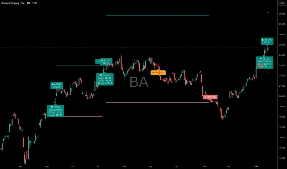 🎯 Smart Labels: Setup signals below the candle, active trades above, clean separation without overlaps.
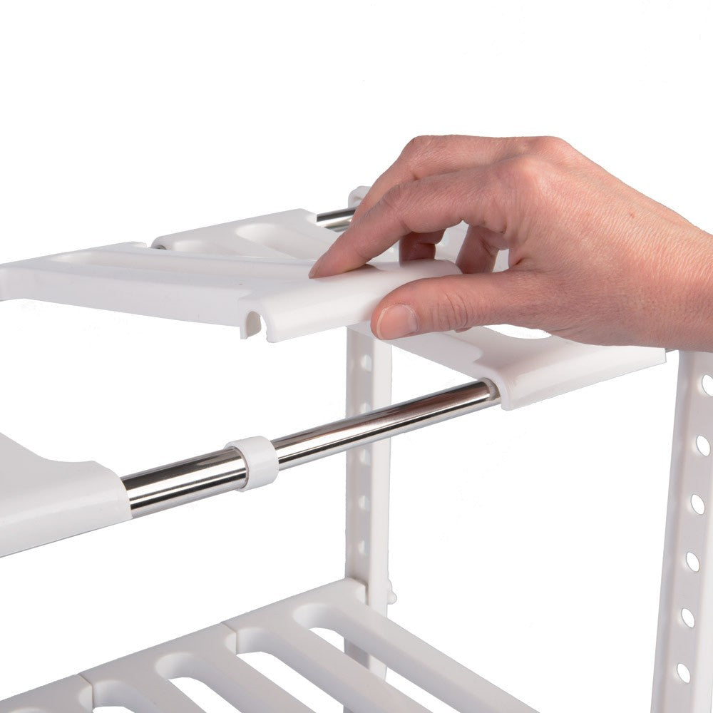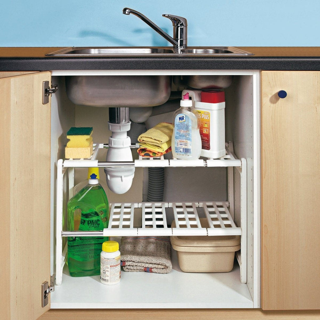 Cette étagère à 2 étagères a été conçue pour s'adapter à n'importe quel meuble ou sous l'évier : la surface supérieure est modulable et peut être modifiée à volonté pour permettre une insertion correcte entre les canalisations, le siphon, les canalisations d'évacuation existantes. pour loger des objets
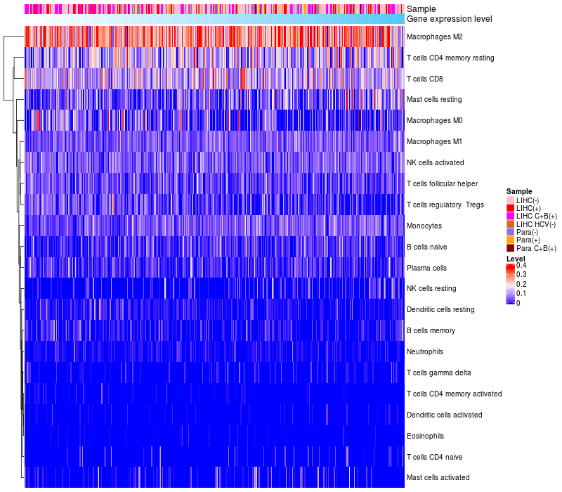 Liver hepatocellular carcinoma HCV (HBV+)(86), Liver hepatocellular carcinoma HCV (HBV-)(19), Liver hepatocellular carcinoma (HBV+)(209), Liver hepatocellular carcinoma (HBV+)(60), Paracancerous HCV (HBV+)(4), Paracancerous (HBV-)(28), Paracancerous (HBV+)(18) |
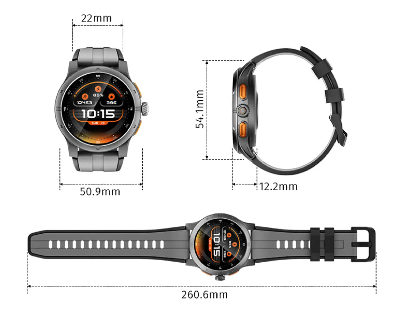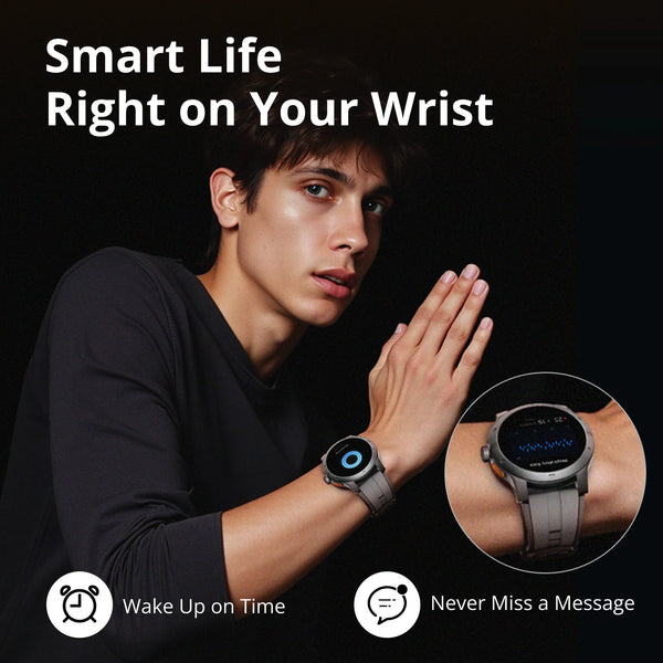 Ich war besorgt, 1.43" Das Zifferblatt wirkt für ein Mädchenhandgelenk vielleicht etwas groß, aber es sieht tatsächlich sehr stylisch aus. Das Modell in Vulkangrau ist elegant genug, um es im Büro zu tragen. Die Benutzeroberfläche ist flüssig und reagiert ruckelfrei beim Scrollen durch Nachrichten.
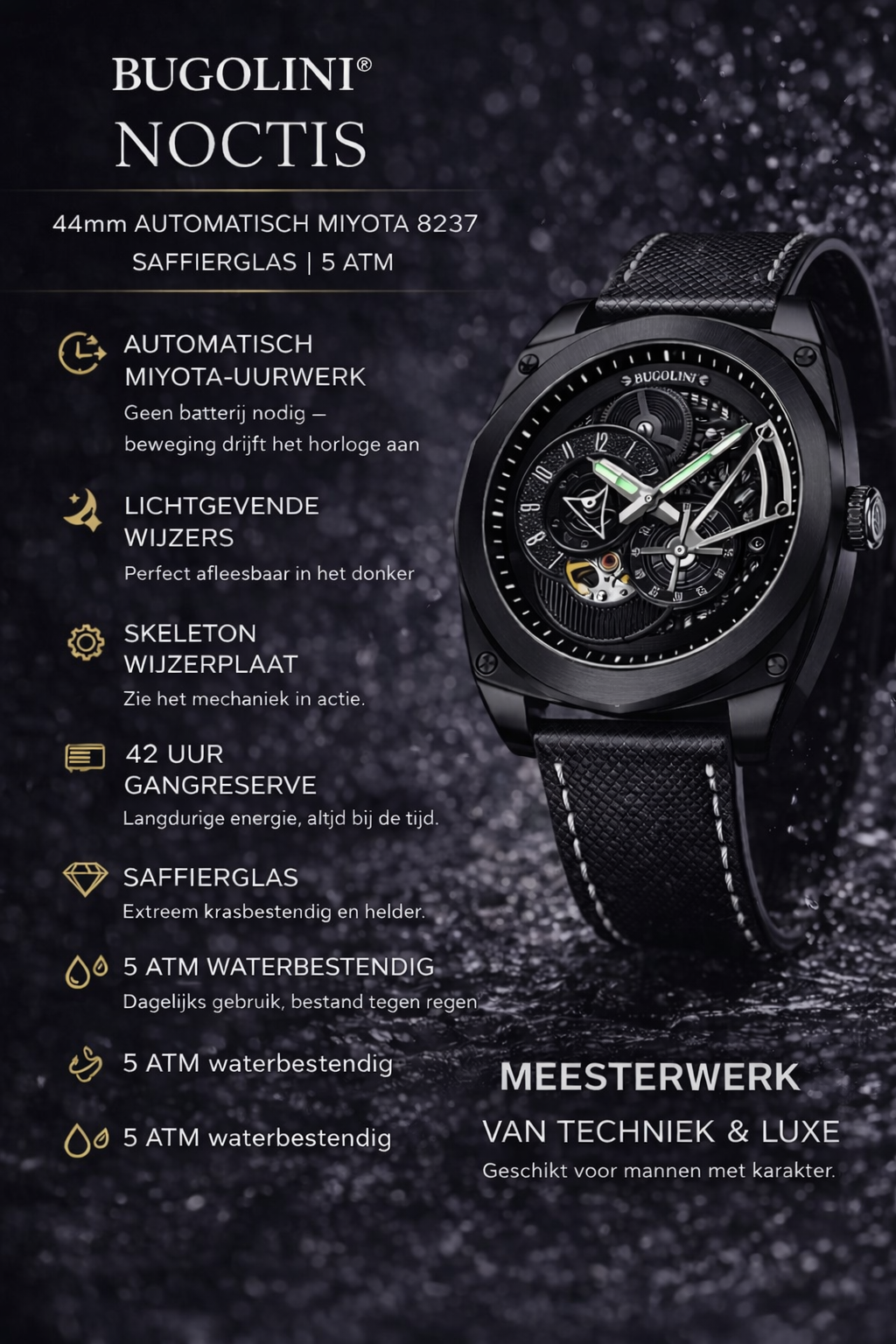 BUGOLINI NOCTIS – 49mm Stalen Automatische Horloge – Mechanisch MIYOTA-uurwerk– Lichtgevend - Waterdicht - Zwart
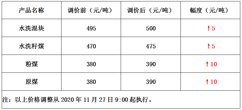 内蒙古马泰壕煤矿11月27日上调煤价5-10元/吨
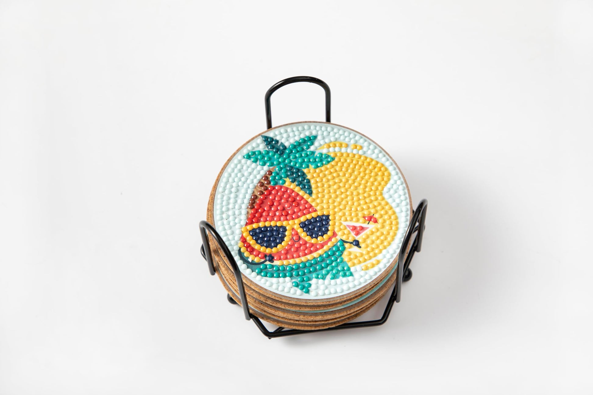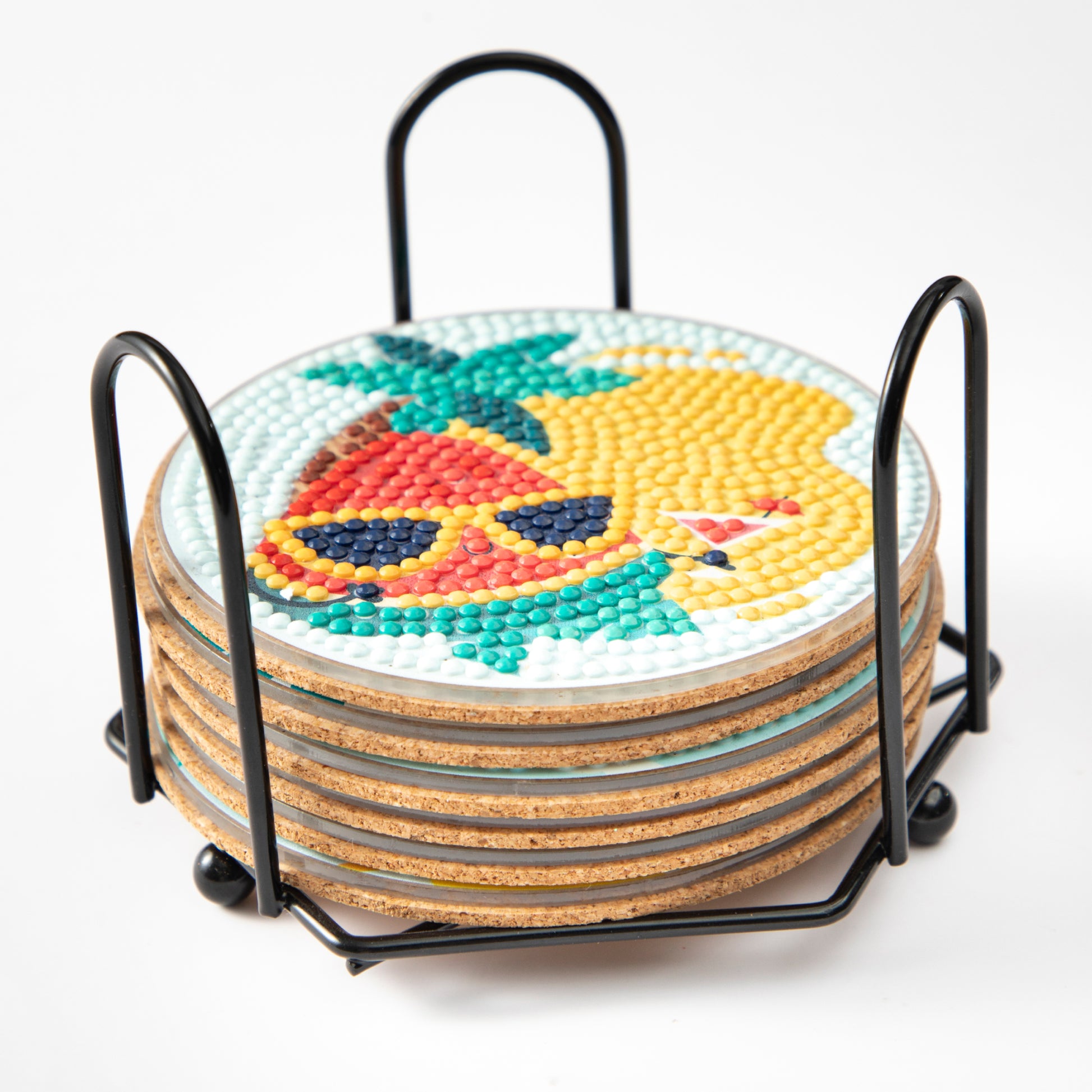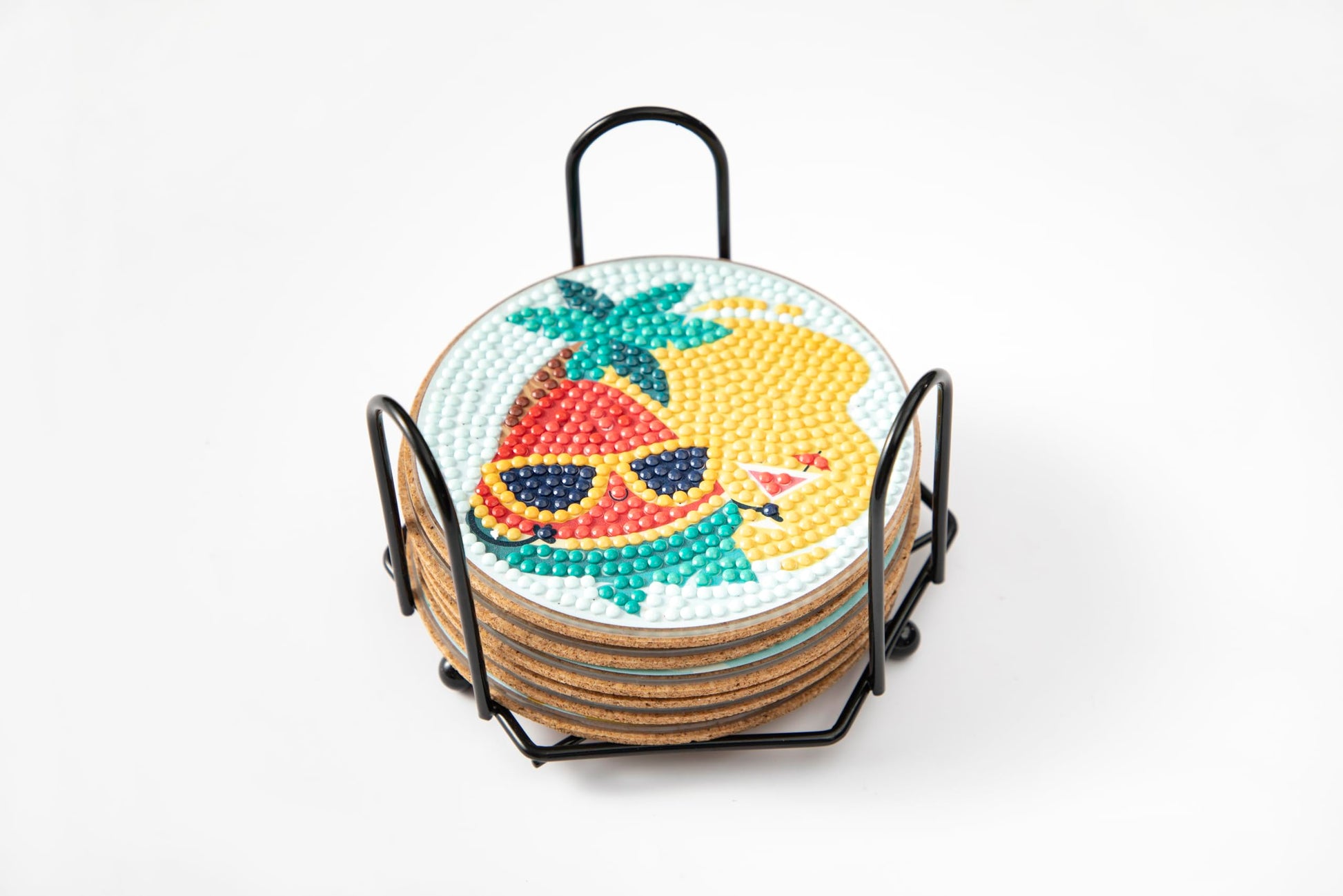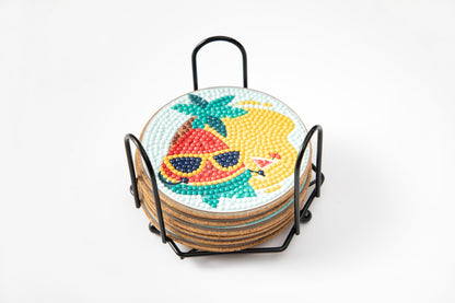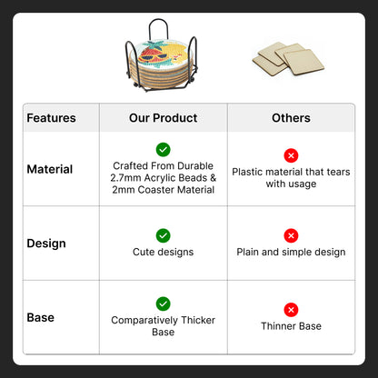 Ceramic Coasters Set of 6 (Dia - 10cm, 8mm Thick) | Dining Table Decor Accessories | Cups/Coffee Mugs/Glasses Coaster Set | Glass Cover Lid | Kitty Party Return Gifts for Women (Multicolor)
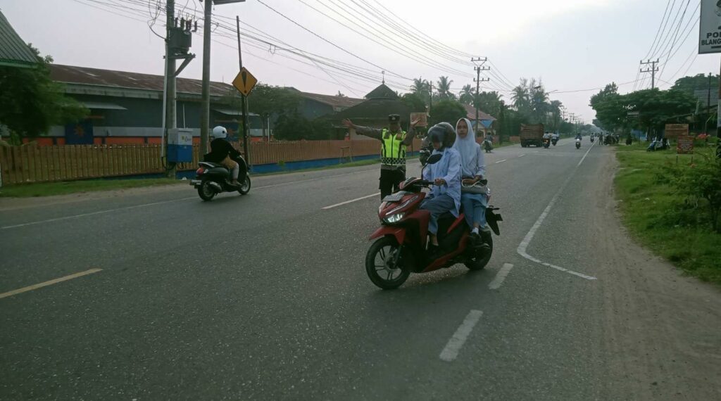 Giat ini melibatkan dua personel Polsek Blang Mangat yang bertugas untuk melakukan pengamanan dan pengaturan arus lalu lintas di kawasan tersebut. Tujuan utama dari kegiatan ini adalah untuk mengantisipasi potensi kemacetan yang dapat mengganggu aktivitas masyarakat, terutama di sekitar pintu masuk sekolah SMP yang menjadi titik rawan kepadatan lalu lintas pada pagi hari.
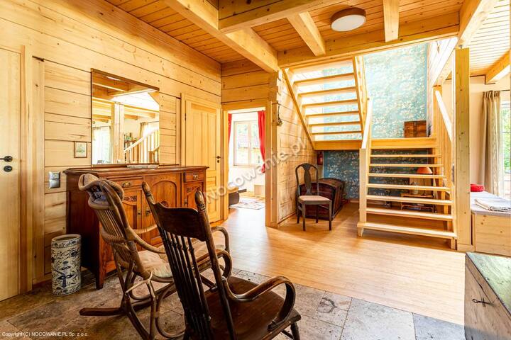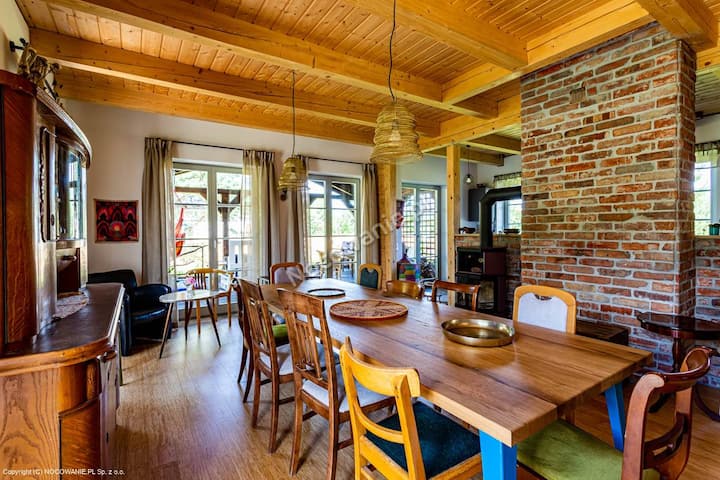 Das Blockhaus wurde aus Fichtenholz sowie teilweise aus Lärchen- und Kiefernholz aus nachhaltiger polnischer Forstkultur gebaut. Die Verwendung natürlicher Baumaterialien sorgt das ganze Jahr über für ein angenehmes Raumklima. Wir haben uns für eine hochwertige ökologische Wärmedämmung aus Holzwolle entschieden, die atmungsaktiv und besonders allergikerfreundlich ist. Im Erdgeschoss mit dem Natursteinboden gibt es eine Fußbodenheizung, im ersten Stock, wo Bambusdielen und Naturstein verlegt wurden, lässt sich im Winter die Temperatur über die Heizkörper regulieren. Pantoffeln sollten aber im Gepäck ebenso wenig fehlen wie wind- und wetterfeste Kleidung für deine Outdoor-Aktivitäten. „Dzika Róża“ ist ein Nichtraucherobjekt. Wir haben keinen Fernseher aber es gibt WLAN.
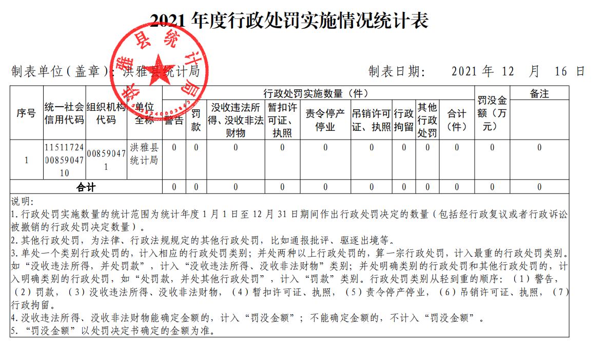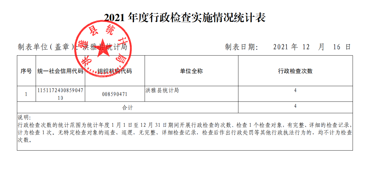 2021年度洪雅县统计局行政执法监督情况
──────
** ACTIVITY **
Output everything in the material exactly. Pictures stay out of it.

** SOLVED PROBLEM **
 🎯 Smart Labels: Setup signals below the candle, active trades above, clean separation without overlaps.
 Cette étagère à 2 étagères a été conçue pour s'adapter à n'importe quel meuble ou sous l'évier : la surface supérieure est modulable et peut être modifiée à volonté pour permettre une insertion correcte entre les canalisations, le siphon, les canalisations d'évacuation existantes. pour loger des objets
 Liver hepatocellular carcinoma HCV (HBV+)(86), Liver hepatocellular carcinoma HCV (HBV-)(19), Liver hepatocellular carcinoma (HBV+)(209), Liver hepatocellular carcinoma (HBV+)(60), Paracancerous HCV (HBV+)(4), Paracancerous (HBV-)(28), Paracancerous (HBV+)(18) |
 Ich war besorgt, 1.43" Das Zifferblatt wirkt für ein Mädchenhandgelenk vielleicht etwas groß, aber es sieht tatsächlich sehr stylisch aus. Das Modell in Vulkangrau ist elegant genug, um es im Büro zu tragen. Die Benutzeroberfläche ist flüssig und reagiert ruckelfrei beim Scrollen durch Nachrichten.
 BUGOLINI NOCTIS – 49mm Stalen Automatische Horloge – Mechanisch MIYOTA-uurwerk– Lichtgevend - Waterdicht - Zwart
 内蒙古马泰壕煤矿11月27日上调煤价5-10元/吨
 Ceramic Coasters Set of 6 (Dia - 10cm, 8mm Thick) | Dining Table Decor Accessories | Cups/Coffee Mugs/Glasses Coaster Set | Glass Cover Lid | Kitty Party Return Gifts for Women (Multicolor)
 Giat ini melibatkan dua personel Polsek Blang Mangat yang bertugas untuk melakukan pengamanan dan pengaturan arus lalu lintas di kawasan tersebut. Tujuan utama dari kegiatan ini adalah untuk mengantisipasi potensi kemacetan yang dapat mengganggu aktivitas masyarakat, terutama di sekitar pintu masuk sekolah SMP yang menjadi titik rawan kepadatan lalu lintas pada pagi hari.
 Das Blockhaus wurde aus Fichtenholz sowie teilweise aus Lärchen- und Kiefernholz aus nachhaltiger polnischer Forstkultur gebaut. Die Verwendung natürlicher Baumaterialien sorgt das ganze Jahr über für ein angenehmes Raumklima. Wir haben uns für eine hochwertige ökologische Wärmedämmung aus Holzwolle entschieden, die atmungsaktiv und besonders allergikerfreundlich ist. Im Erdgeschoss mit dem Natursteinboden gibt es eine Fußbodenheizung, im ersten Stock, wo Bambusdielen und Naturstein verlegt wurden, lässt sich im Winter die Temperatur über die Heizkörper regulieren. Pantoffeln sollten aber im Gepäck ebenso wenig fehlen wie wind- und wetterfeste Kleidung für deine Outdoor-Aktivitäten. „Dzika Róża“ ist ein Nichtraucherobjekt. Wir haben keinen Fernseher aber es gibt WLAN.
 2021年度洪雅县统计局行政执法监督情况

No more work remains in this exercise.